Professor Higgins objectifies Eliza as the main component of his experiment, even bullying her at times.
When Eliza takes a taxi and comes to Higgins for speech lessons so that she can "be a lady in a flower shop stead of sellin at the corner of Tottenham Court Road," (Act II) Higgins speaks about her to Pickering as though she is not a real person.
HIGGINS. Pickering, shall we ask this baggage to sit down, or shall we throw her out of the window? (Act II)
After saying things that hurt Eliza's feelings because he speaks of her as a mere object, such as his proposal to Pickering that he can make a "duchess out of a guttersnipe," Higgins calls her ungrateful. Even when Pickering scolds his friend, asking him if he does not think the girl has feelings, Higgins callously replies,
HIGGINS. Oh, no. I don't think so. Not any feeling that we need bother about. (Act II)
Having thus dismissed Eliza's feelings, Higgins returns to concentrating on what he considers essential; namely, her grammar is atrocious and will be harder to correct than her pronunciation.

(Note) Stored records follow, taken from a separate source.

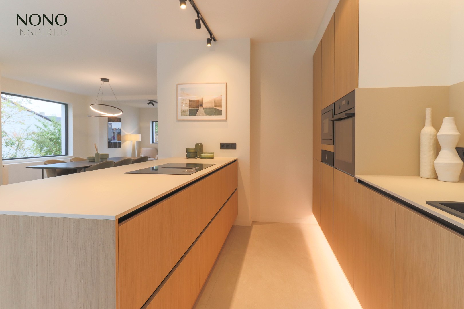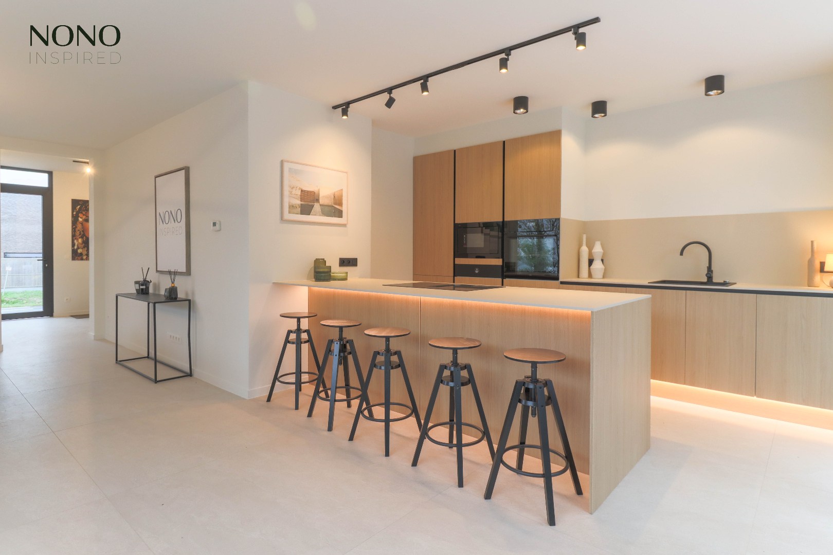 Binnen vloeien de ruimtes naadloos in elkaar over. De open, ingerichte keuken vormt het hart van de woning en biedt een prachtig zicht op de tuin met hoge bomen die rust en geborgenheid uitstralen. De leefruimte baadt in het natuurlijke licht en ademt een gezellige, aangename sfeer – een plek waar je meteen thuiskomt.
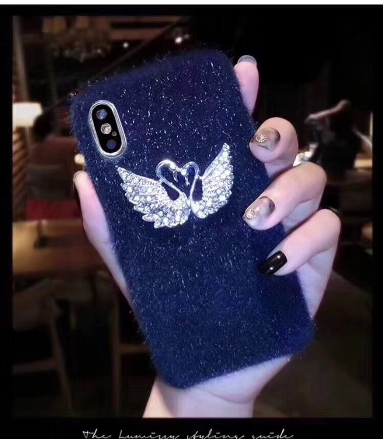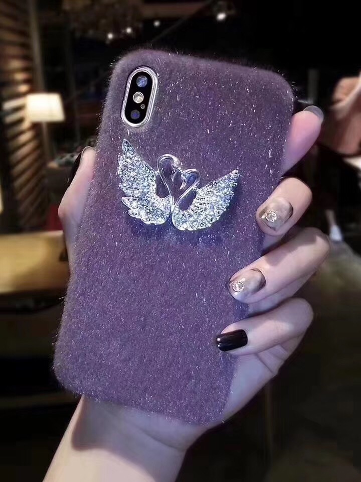 Fashion Girl Flannel Flannelette Phone Case for iPhone Xr Xs Max , for iPhone X Case with Crystal Swan
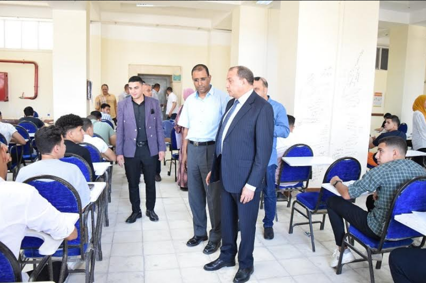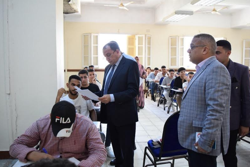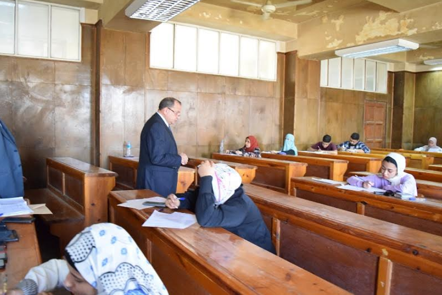 رئيس جامعة بني سويف يتفقد أعمال امتحانات الترم الثاني بكلية التجارة
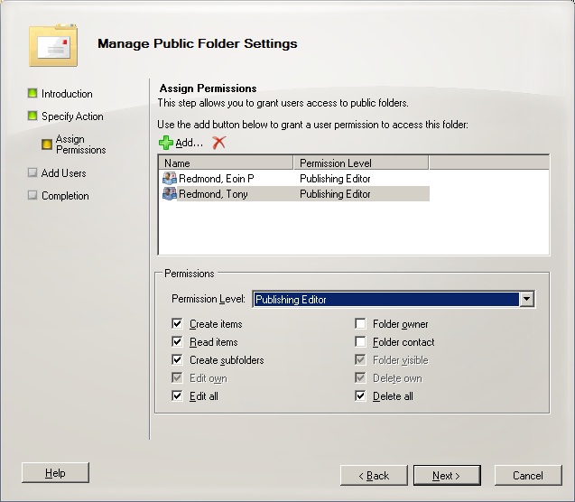 The Public Folder Settings Wizard provided in Exchange 2010 SP1 (Figure 1) makes the process even easier. You can opt to set permissions on a single public folder or on a folder and all its children. In addition, you can assign permissions to multiple users at one time and select a different set of permissions to assign to each user.
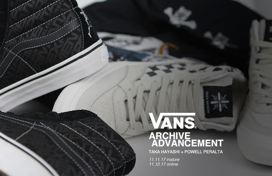 “Crafted in collaboration with Japanese artist and Vault by Vans designer Taka Hayashi, the Vans Pro Skate ArcAd Powell Peralta x TH collection commemorates a decades-long legacy of innovation in skateboarding, showcasing unforgettable imagery from Powell Peralta’s signature skate deck graphics archive. The capsule breathes life back into memorable illustrations such as the 1985 Future Primitive logo, Bones fonts, and the principal skull and sword graphics for which Powell Peralta is known.
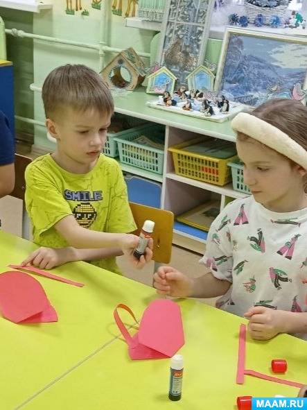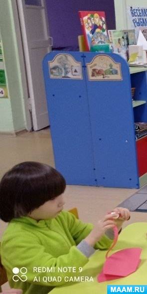 Воспитатель: помогаю индивидуально, слежу за техникой безопасности при работе с ножницами, напоминаю о правилах аккуратного наклеивания.
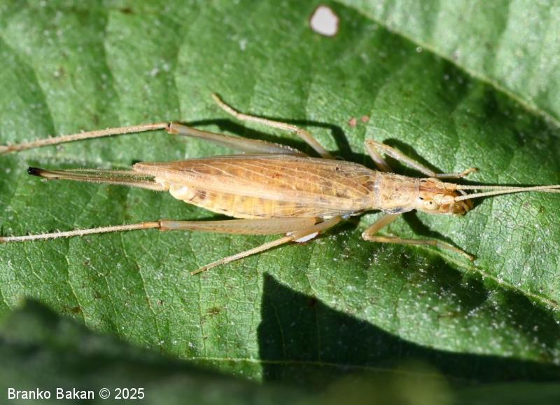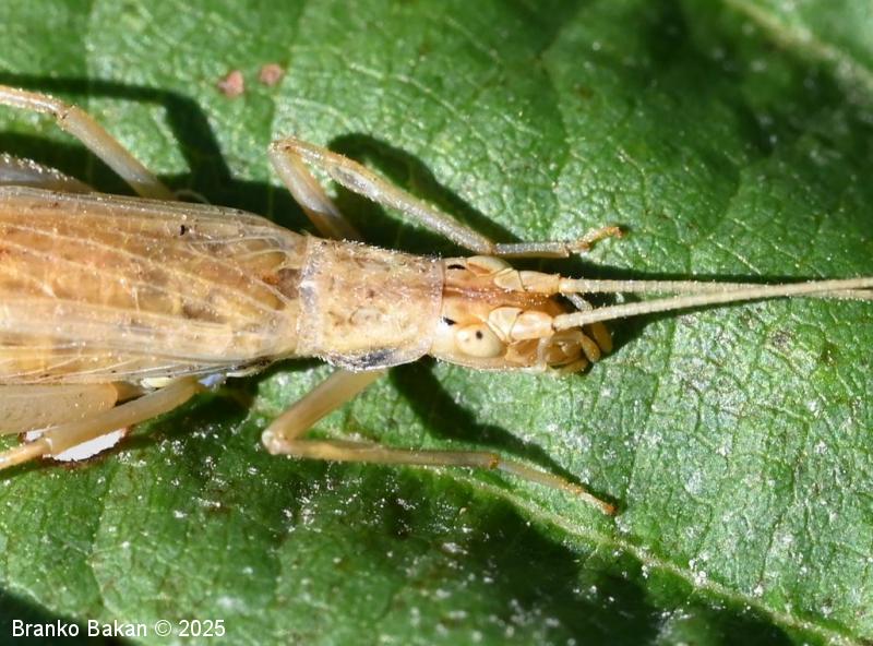 Odrasli osebki: telo je zelo vitko, podolgasto, večinoma slamnato rumeno ali rumenkasto rjavo. Glava je naprej iztegnjena, svetla, pogosto s temnejšo progo na temenu. Oči so svetle, dokaj velike. Tipalnice so tanke in zelo dolge, daljše od telesa, bledikaste. Oprsje je kvadratasto, oprsni ščit je prosojen. Krila so navadno tako dolga ali nekoliko daljša od zadka, lahko pa so zelo kratka, večinoma so prosojna, rahlo mlečnata ali zelenkasta, z dobro vidnimi žilami, pri samcih so večja kot pri samicah. Zadek je rumenkast, pogosto s temnejšimi lisami na segmentih, pri samicah se nadaljuje v dolgo in na vrhu betičasto leglico, samci imajo dva daljša izrastka (cerka). Noge so bledikaste in dokaj dolge, predvsem zadnje noge, ki imajo nekoliko povečana stegenca, na golenih pa so kratki trni.
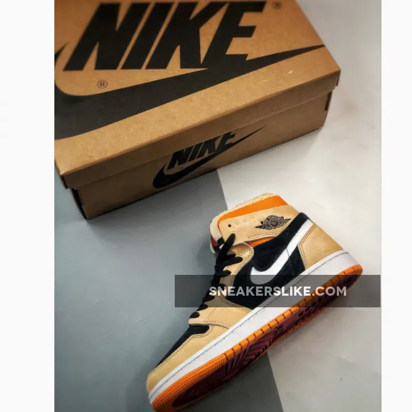 The suede of the forefoot, eye stay, lower heel and ankle flabs are in a light ginger orange colour. A bright pumpkin orange stands out in this pair’s collar and outsole. A Halloween black contrasts nicely on the nubuck toe box, the laces, the quarter panelling and the Wings logo embossed on the collar. Use our Air Jordan 1 size guide to know how they fit.

So often, he is guilty of this domineering superiority. Throughout the later acts, when Eliza becomes angry after he has gone too far with his impetuous bullying, Higgins employs coaxing cleverness rather than an apology to subdue her. It is only when Eliza takes a stand for her own dignity after the ambassador's party that Higgins begins to perceive Eliza no longer as a sort of millstone around his neck, but as a person who is deserving of his admiration.
In the play Pygmalion, Professor Henry Higgins is a pragmatic professor of phonetics. His sole "joy" in life is the study of linguistics and how it impacts human interaction.

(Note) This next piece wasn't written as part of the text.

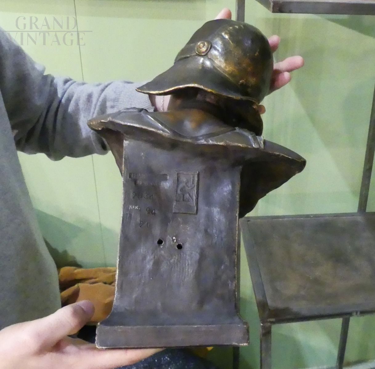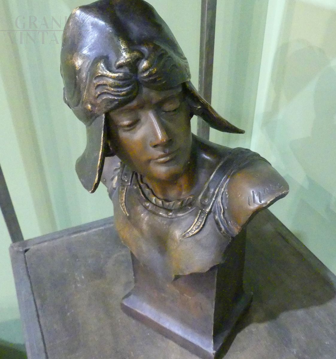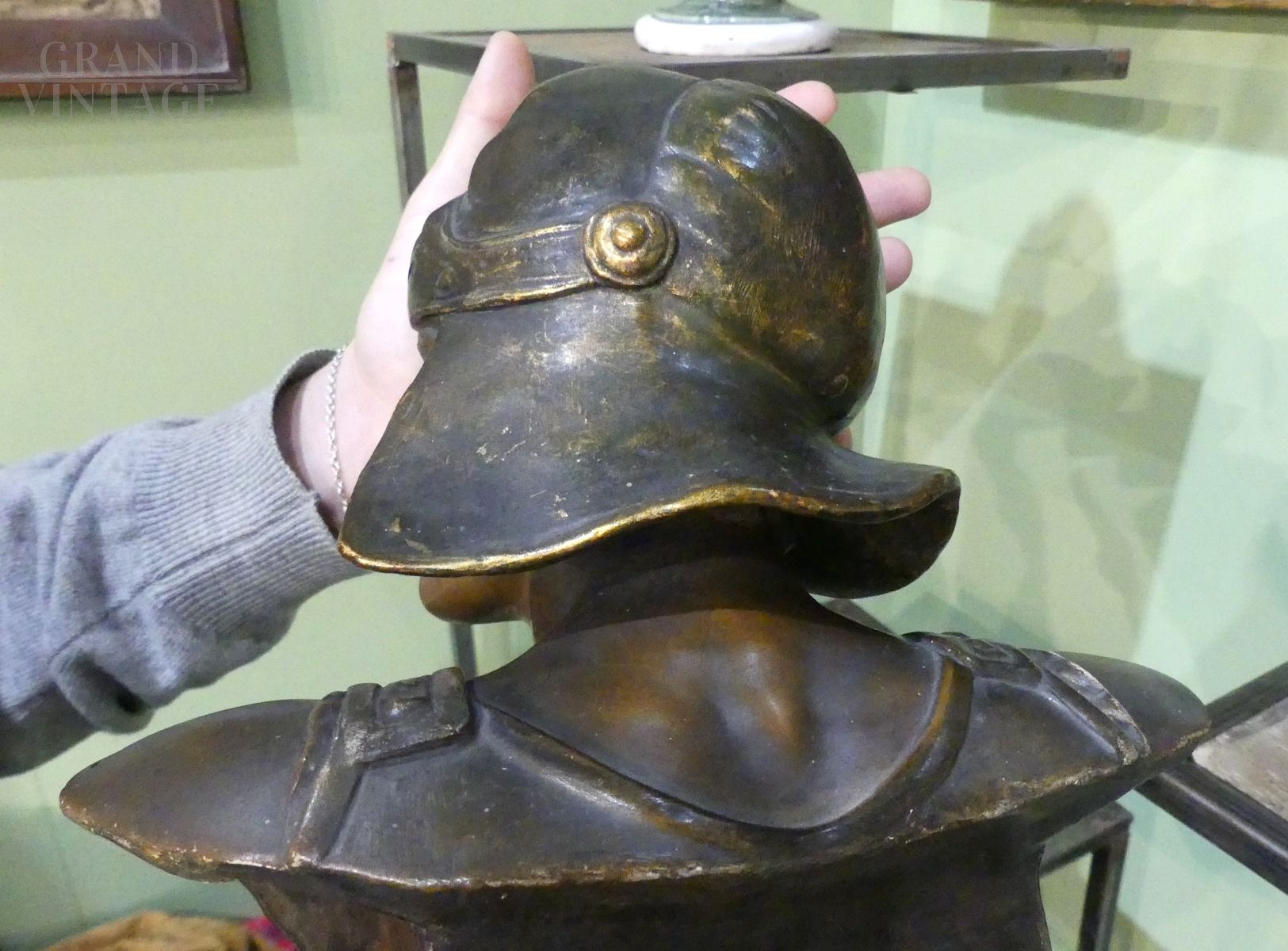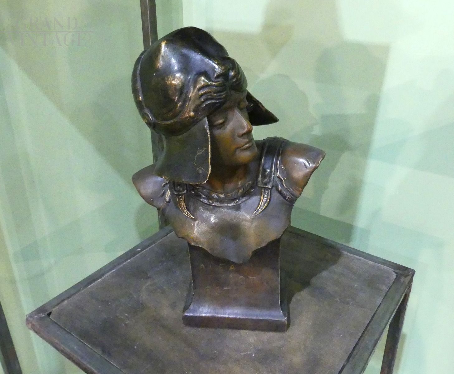 Bellissimo piccolo busto di guerriera con elmo e armatura, realizzato in terracotta Goldscheider, periodo Liberty austriaco. Il busto presenta la scritta Alea Iacta Est sulla base, ed è firmato su una spalla. La lavorazione è molto bella con effetto bronzo.
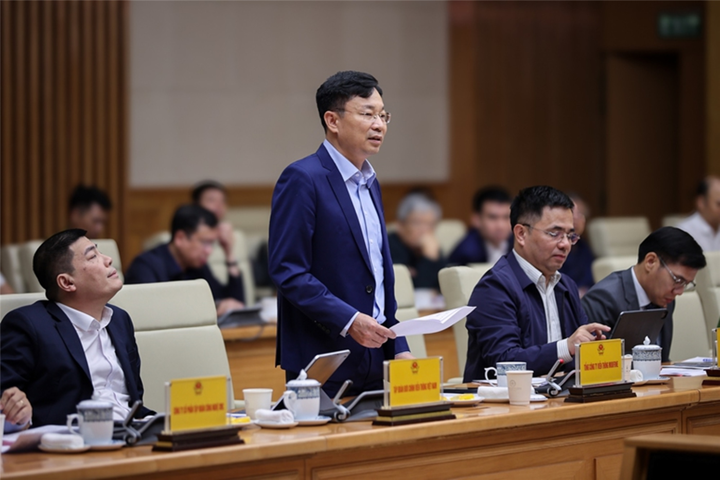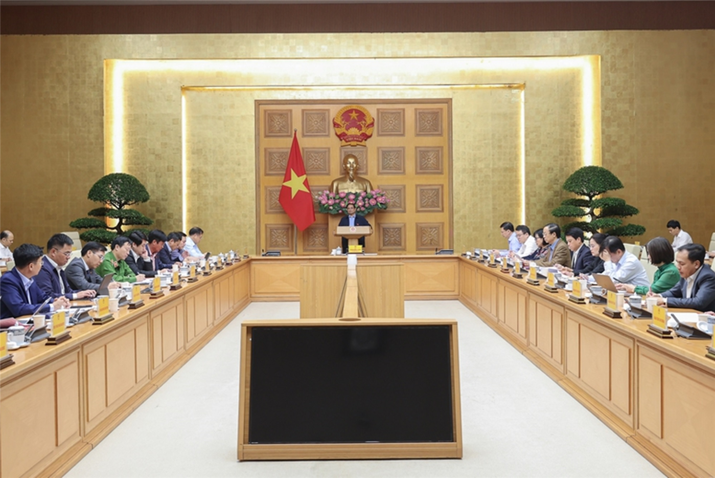 Thủ tướng phát biểu kết luận cuộc làm việc về xây dựng hành lang pháp lý, chính sách và thể chế để thúc đẩy hình thành và phát triển sàn dữ liệu Việt Nam - Ảnh: VGP/Nhật Bắc

He treats Eliza Doolittle as a component of an experiment. He is rude and short-tempered with her. His impatience is not directed at anything she does or does not do, but at her mere mortality. The agreement to tutor her is not so much to help her as it is to win a bet concerning his abilities.
He is successful in changing her dialect. However, her attitude is also changed. In the process, she takes on the professor's attitude and that proves to be her undoing.
Though she is grateful for his time and energy, she can not tolerate his abysmal intolerance of humanity and eventually leaves his home.